I only recommend Doctors Data Inc. for hair analysis. It is recommended that a person wash their hair with Johnson’s baby shampoo for 2 weeks prior to hair collection to minimize hair contamination.

“Hair analysis ALONE is a very poor way to assess copper status. I say this after (a) evaluating more than 100,000 hair analyses, (b) developing the first high-quality hair standards (loaned to NIH and other researchers), and (c) performing numerous double-blind, controlled experiments involving hair chemistries. Findings of high Cu levels in hair are compromised by the many external sources of Cu which cannot be completely removed by washing. Low levels of Cu in hair and/or blood often are coincident with dangerous overloads of Cu in liver. Hair Cu values can provide information of clinical significance, but by itself is not clinically decisive.”, Bill Walsh, PhD, Pfeiffer Treatment Center.

According to Walsh copper contamination comes from water, “… hair gels/dyes/etc, and exposure to pools/jacuzzis treated with copper sulfate to kill algae.”
Also hair reflects excretion (not tissue burden), so those with high copper in hair may simply be the efficient excretors, not those with elevated levels.

For example according to Walsh:
“… low hair levels of Cu can occur in situations involving Cu overload. A good example is Wilson’s Disease in which hair, blood, and urine Cu levels can be extremely low in a person who may be dying of Cu overload in liver.”

Dr. William Walsh of the Pfeiffer Treatment Center and copper expert believes that the best way to diagnose excess copper levels are from measuring both copper and ceruloplasmin (copper binding protein) in serum (blood levels). From these two levels the percentage free copper in serum can be calculated.

According to Walsh:
Percentage free copper above 25% is classified as elevated.
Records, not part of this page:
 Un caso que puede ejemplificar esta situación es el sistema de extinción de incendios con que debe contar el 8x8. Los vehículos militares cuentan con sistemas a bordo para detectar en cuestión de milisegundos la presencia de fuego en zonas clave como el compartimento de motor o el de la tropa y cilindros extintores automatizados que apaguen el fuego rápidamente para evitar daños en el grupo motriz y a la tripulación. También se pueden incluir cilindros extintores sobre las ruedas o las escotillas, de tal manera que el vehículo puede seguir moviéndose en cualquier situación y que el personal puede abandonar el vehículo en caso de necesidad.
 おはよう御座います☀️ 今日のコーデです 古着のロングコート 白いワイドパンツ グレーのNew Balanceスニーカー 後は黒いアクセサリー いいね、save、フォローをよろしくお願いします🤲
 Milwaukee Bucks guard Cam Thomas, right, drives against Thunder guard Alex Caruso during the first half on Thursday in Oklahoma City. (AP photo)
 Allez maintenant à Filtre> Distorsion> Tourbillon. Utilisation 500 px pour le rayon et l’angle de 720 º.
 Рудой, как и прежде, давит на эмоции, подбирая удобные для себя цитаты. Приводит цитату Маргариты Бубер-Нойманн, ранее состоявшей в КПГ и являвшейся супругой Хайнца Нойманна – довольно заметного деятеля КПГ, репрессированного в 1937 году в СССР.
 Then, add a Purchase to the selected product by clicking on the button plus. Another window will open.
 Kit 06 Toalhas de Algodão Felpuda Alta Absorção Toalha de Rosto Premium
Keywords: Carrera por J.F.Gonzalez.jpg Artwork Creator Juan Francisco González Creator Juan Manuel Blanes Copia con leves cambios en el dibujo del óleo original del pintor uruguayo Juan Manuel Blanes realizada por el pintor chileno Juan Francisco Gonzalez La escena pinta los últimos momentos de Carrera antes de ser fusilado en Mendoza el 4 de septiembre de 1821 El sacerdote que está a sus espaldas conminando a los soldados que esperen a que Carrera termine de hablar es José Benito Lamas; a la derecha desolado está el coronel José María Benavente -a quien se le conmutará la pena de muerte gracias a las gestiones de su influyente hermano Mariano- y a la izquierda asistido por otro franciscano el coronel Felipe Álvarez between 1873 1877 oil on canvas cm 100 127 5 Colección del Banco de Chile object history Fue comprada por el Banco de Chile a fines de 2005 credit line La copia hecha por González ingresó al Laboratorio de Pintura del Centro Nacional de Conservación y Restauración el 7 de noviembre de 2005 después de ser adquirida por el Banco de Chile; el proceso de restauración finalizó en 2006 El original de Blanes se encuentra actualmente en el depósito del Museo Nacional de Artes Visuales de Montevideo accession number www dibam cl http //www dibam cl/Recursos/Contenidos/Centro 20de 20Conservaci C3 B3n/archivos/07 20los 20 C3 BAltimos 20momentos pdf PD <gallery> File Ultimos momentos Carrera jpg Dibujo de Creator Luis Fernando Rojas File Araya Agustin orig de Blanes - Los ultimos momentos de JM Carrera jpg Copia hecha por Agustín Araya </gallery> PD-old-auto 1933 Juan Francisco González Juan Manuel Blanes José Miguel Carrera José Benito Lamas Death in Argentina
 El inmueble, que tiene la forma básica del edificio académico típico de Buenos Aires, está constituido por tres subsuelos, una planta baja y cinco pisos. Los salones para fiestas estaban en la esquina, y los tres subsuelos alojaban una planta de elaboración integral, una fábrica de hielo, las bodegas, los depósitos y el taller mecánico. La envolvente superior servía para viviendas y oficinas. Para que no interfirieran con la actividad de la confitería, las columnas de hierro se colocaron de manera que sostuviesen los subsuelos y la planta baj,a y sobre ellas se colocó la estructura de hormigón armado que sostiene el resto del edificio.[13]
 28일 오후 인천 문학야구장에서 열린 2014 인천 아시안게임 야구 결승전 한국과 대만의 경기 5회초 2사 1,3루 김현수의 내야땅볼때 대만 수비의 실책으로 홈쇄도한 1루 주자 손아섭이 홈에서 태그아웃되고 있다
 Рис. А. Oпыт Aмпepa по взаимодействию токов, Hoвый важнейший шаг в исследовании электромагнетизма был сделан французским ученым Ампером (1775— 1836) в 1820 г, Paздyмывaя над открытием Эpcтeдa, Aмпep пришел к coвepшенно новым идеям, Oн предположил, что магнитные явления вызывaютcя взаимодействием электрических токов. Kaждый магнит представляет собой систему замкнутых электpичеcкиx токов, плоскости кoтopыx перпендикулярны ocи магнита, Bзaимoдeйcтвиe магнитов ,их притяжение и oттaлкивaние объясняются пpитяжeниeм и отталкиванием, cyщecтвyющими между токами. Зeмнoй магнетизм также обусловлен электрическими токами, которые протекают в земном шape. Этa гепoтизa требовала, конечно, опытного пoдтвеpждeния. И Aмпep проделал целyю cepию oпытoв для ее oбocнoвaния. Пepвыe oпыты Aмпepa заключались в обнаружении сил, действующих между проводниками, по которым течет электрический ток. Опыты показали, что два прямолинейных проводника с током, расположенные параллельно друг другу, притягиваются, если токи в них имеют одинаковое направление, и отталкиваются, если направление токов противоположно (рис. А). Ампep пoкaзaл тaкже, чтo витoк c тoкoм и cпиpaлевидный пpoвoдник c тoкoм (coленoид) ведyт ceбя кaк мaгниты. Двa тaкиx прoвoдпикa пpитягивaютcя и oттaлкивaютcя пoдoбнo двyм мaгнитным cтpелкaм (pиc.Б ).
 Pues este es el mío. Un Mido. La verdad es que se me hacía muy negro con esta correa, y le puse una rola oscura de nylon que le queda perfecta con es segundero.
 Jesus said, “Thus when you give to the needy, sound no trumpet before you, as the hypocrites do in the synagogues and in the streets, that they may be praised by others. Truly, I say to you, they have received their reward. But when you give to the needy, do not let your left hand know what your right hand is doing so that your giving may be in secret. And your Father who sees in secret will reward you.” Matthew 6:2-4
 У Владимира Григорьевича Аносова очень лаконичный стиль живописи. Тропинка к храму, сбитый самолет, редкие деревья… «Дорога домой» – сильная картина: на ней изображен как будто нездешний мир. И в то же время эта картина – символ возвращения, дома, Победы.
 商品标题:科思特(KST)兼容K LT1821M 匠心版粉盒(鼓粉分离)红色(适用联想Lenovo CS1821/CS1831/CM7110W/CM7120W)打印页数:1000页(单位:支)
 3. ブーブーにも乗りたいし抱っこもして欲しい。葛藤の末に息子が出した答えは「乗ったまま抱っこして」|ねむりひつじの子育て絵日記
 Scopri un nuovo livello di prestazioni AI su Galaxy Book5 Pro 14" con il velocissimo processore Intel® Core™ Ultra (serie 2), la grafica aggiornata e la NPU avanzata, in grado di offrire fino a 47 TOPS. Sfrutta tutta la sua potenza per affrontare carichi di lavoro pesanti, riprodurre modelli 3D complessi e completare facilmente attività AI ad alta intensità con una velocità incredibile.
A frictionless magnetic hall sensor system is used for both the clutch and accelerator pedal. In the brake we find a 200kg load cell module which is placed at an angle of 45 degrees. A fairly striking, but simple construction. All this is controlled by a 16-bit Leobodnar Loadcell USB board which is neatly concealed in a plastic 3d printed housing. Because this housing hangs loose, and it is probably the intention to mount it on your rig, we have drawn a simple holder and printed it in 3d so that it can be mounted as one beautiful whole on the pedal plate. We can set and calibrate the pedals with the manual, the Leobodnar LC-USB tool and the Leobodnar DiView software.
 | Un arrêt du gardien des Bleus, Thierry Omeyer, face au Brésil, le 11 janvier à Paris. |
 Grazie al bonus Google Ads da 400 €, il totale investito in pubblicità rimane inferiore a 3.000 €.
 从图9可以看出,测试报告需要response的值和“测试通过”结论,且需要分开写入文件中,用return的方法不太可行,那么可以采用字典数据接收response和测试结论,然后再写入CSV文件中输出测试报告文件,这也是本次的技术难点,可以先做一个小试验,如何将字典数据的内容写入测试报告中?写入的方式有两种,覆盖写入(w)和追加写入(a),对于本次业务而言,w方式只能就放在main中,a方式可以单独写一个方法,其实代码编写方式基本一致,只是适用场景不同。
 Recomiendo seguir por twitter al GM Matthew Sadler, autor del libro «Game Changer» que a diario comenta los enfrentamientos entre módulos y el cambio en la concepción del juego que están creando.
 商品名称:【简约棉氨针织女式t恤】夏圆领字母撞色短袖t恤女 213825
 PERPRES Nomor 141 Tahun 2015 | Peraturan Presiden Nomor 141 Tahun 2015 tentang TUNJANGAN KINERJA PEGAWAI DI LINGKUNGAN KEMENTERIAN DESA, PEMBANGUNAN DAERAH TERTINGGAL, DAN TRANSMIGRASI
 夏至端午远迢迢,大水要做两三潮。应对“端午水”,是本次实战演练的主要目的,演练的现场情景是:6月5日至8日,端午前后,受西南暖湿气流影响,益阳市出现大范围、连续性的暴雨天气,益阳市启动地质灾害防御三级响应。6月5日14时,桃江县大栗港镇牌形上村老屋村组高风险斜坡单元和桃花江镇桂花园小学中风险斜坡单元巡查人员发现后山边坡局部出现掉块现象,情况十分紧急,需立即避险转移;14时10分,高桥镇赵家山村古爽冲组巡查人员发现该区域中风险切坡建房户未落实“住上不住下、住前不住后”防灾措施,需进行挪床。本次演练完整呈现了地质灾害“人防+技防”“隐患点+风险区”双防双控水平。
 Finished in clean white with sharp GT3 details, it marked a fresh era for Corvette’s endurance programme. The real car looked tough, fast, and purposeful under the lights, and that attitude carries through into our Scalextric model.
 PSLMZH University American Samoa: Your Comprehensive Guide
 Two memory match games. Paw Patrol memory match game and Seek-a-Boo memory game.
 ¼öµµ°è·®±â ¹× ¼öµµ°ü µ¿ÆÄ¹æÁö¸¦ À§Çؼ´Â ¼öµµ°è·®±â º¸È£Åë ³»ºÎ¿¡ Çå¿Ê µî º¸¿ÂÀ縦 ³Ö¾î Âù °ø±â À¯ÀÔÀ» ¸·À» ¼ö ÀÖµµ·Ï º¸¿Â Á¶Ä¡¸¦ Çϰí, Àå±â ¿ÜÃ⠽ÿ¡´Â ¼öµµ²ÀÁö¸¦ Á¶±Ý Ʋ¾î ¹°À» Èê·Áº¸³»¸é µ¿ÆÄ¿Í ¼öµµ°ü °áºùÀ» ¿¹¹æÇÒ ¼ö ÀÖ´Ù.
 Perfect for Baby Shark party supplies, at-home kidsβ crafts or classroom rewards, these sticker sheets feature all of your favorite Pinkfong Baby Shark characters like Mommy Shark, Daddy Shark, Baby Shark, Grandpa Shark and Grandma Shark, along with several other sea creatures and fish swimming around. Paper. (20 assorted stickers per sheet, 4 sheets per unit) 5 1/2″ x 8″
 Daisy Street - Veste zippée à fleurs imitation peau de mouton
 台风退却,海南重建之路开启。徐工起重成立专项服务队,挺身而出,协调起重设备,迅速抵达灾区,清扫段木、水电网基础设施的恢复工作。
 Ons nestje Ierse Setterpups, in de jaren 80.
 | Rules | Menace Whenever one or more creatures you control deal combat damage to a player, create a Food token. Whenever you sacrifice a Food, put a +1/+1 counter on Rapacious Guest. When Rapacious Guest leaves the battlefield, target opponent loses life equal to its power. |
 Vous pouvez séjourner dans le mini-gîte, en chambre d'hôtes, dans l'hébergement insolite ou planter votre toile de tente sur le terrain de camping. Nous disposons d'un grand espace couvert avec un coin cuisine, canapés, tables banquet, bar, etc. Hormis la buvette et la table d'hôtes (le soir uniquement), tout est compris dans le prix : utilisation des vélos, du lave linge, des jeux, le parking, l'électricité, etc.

Serum copper of 17.5 – 20.0 umol/L (110 – 125 ug/dL) is classified as high-normal and serum copper above 20 umol/L (125 ug/dL) is classified as high.


The basis of copper lowering treatment is using nutrients which reduce copper levels. These are zinc, manganese, molybdenum, vitamin C and vitamin B6. Water filtration is recommended to minimize copper intake from water. Avoiding copper containing supplements is also suggested.